After the Fact: Climbing the ladder

“Only 32 percent of adult employees in the U.S. are motivated at and interested in their jobs.”  So says a Gallup Poll in the February issue of Family Circle magazine. Of that 32 percent, at least half must be nurses and the other half are teachers. How do I know? Well, they sure aren’t doing it for the money! If you’re not a teacher or a nurse but still like your job, you just got lucky and you’re in such a small percentile as to be almost totally overlooked.                                                                                                                                                                             

This poll probably didn’t include farmers and ranchers: if they didn’t like what they are doing, we’d all have starved to death generations ago, but nobody, including the farmers and ranchers, completely understands what it is that motivates them.

It’s interesting to me that people in what we used to consider “entry level” or beginner jobs now expect salaries commensurate with positions requiring greater skills and higher education. Wait ‘til the carhops at Sonic find out that my electrician charges $100 an hour! A recent “expose” about welfare in Dearborn, Michigan reported that a new immigrant, his four wives and children receive as much financial assistance as the salary of a cardiologist on staff at a hospital there.

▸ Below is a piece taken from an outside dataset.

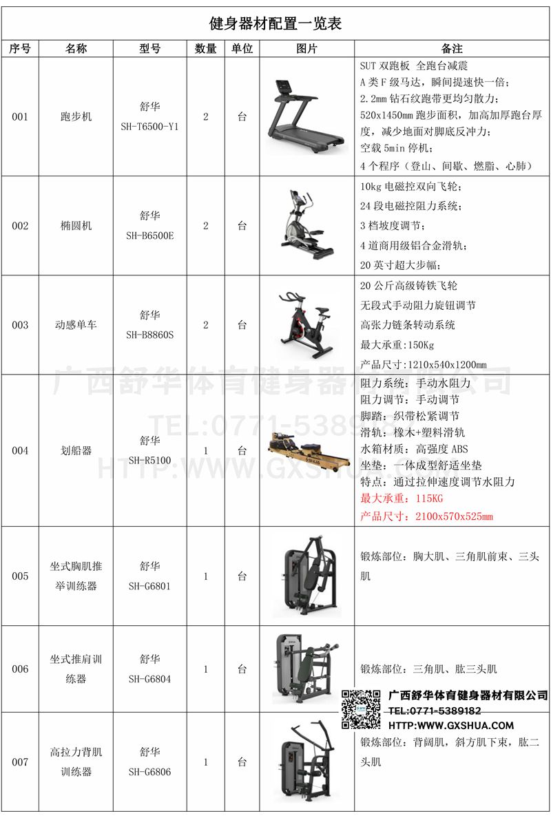 有氧器材区域配置333跑步机2台,椭圆机2台,动感单车2台,划船器1台,有效提升心肺功能;力量器械配置推胸、推肩、背肌、腿部等训练器,可以锻炼多个部位的肌肉,满足使用者全身锻炼的需求;自由力量区域配置哑铃套组、腹肌板等满足多样化训练需求。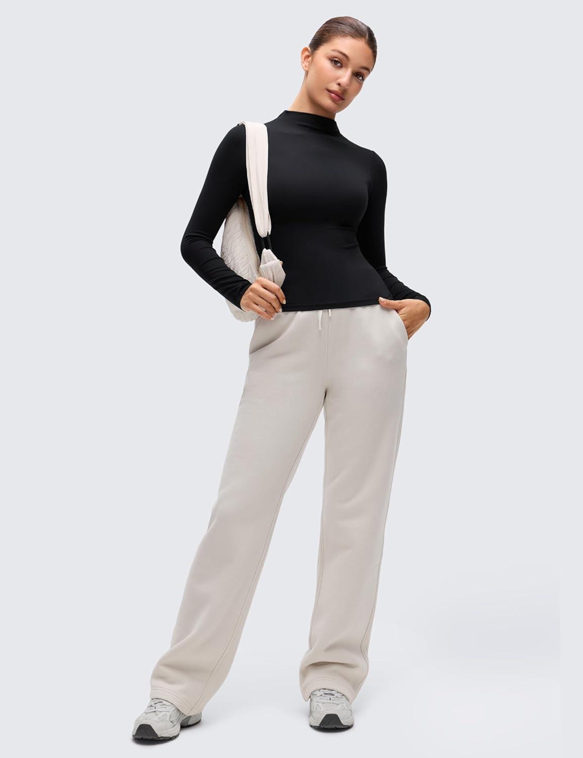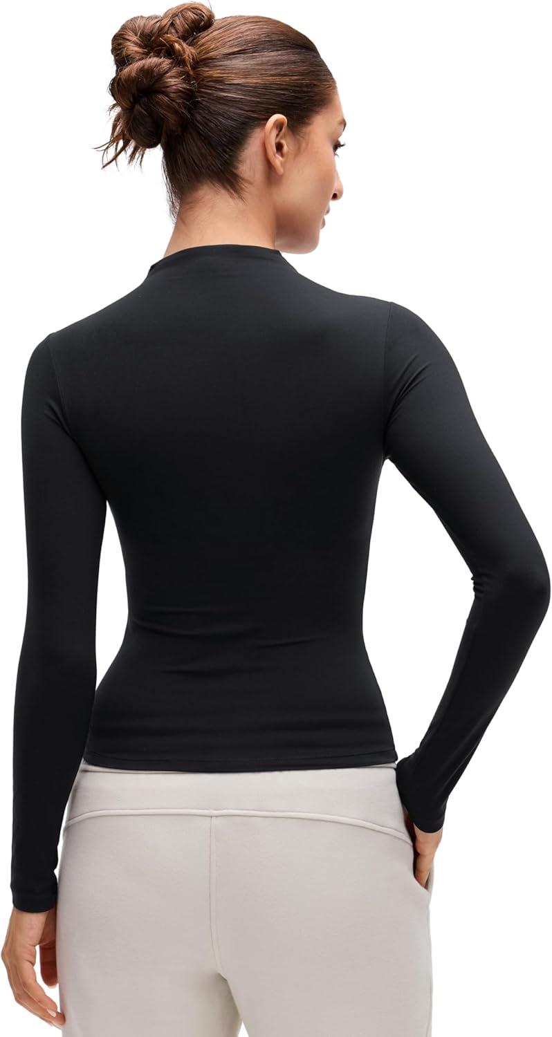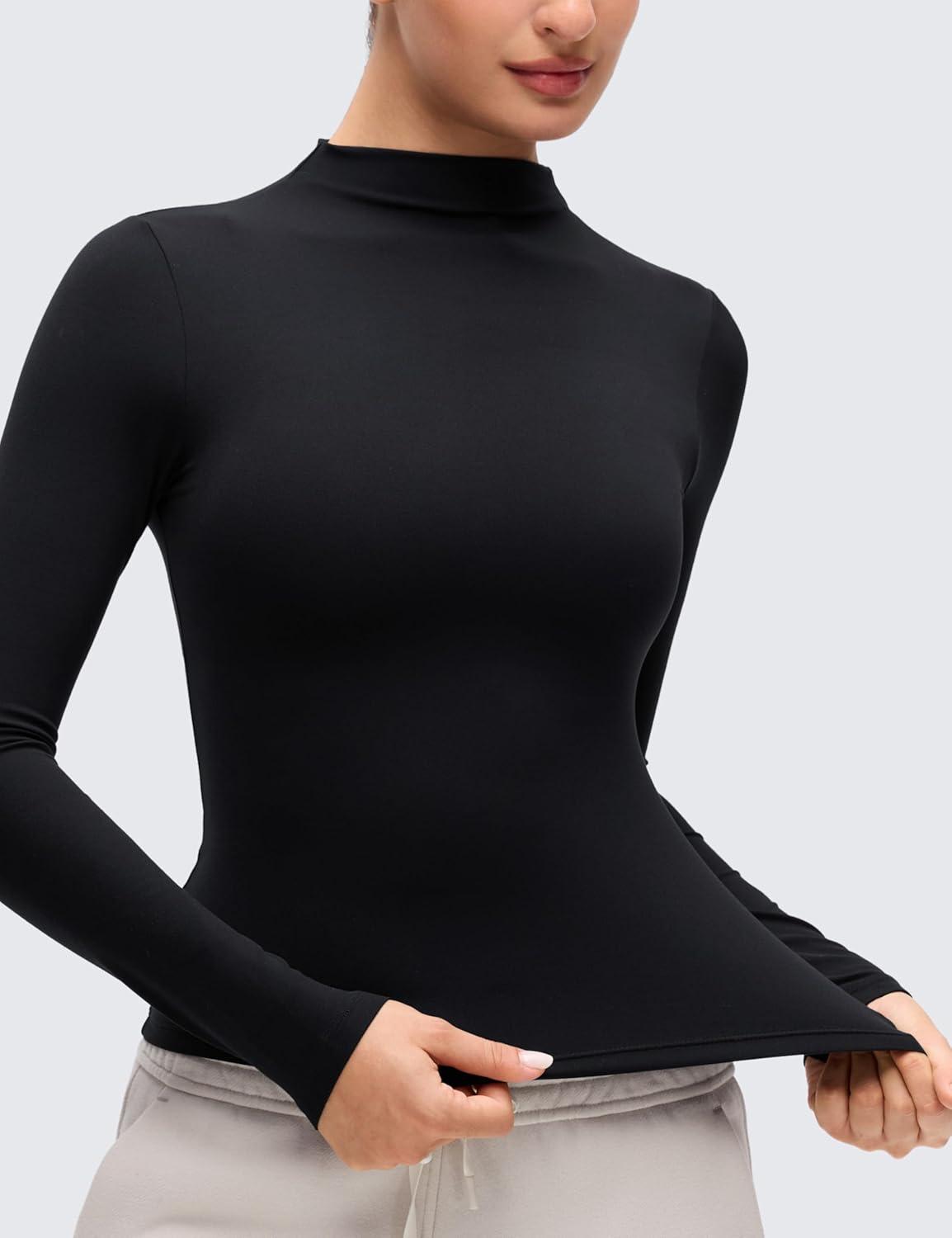 CRZ YOGA Softembrace Mock Neck Long Sleeve Shirts for Women – Casual Going Out Comfort Tops Soft Fitted Layer Underwear Tees(Black)

As most girls “back then,” my first job was babysitting. I could hardly wait until I was old enough to be trusted with the care of children other than my siblings. Then I learned the job included washing a week’s worth of used dishes, running the vacuum or sweeping floors and doing the laundry AFTER getting six kids bathed and tucked into bed. For $.35 an hour. I did it twice before I changed careers: taking in ironing was a lot easier and it paid even more per shirt than one hour of kid-watching. That probably provides insight into my skills as a wife and mother.

Judging from conversations with the Golden Girls at the Alamosa Sr. Center, almost all of our generation worked in a soda bar or coffee shop after school and on weekends.  The pay wasn’t great and tips weren’t even 10 percent, but it was like getting “something for nothing.” Being courteous and helpful was just part of the job, regardless the demands made by any customer. If they didn’t work on the farm, boys were hired at a local “gas station” where they pumped gas, checked the oil and washed the windows of customers’ cars. Not all of us had the elevated jobs like Julia Roberts, who scooped 31 Flavors or Brad Pitt, who walked the streets in a chicken costume to advertise El Pollo Loco restaurants.

Coming from a time when we anticipated having ONE job “for life,” it came as a real eye-opener to learn a “trait” of the millennial bunch is that they change employment every two or three years. We thought more time on the job meant improved performance; they see “too much experience” as stagnation. Where we’d paddle even harder, they just turn the boat around and “go with the flow.” 

“Motivated at” your job was knowing if you didn’t do it, your boss could and would replace you. “Interest in” your job meant you learned, over time, to do it better. And you knew you’d really “arrived” at the top when, instead of answering stupid surveys and polls, you were the one asking the questions.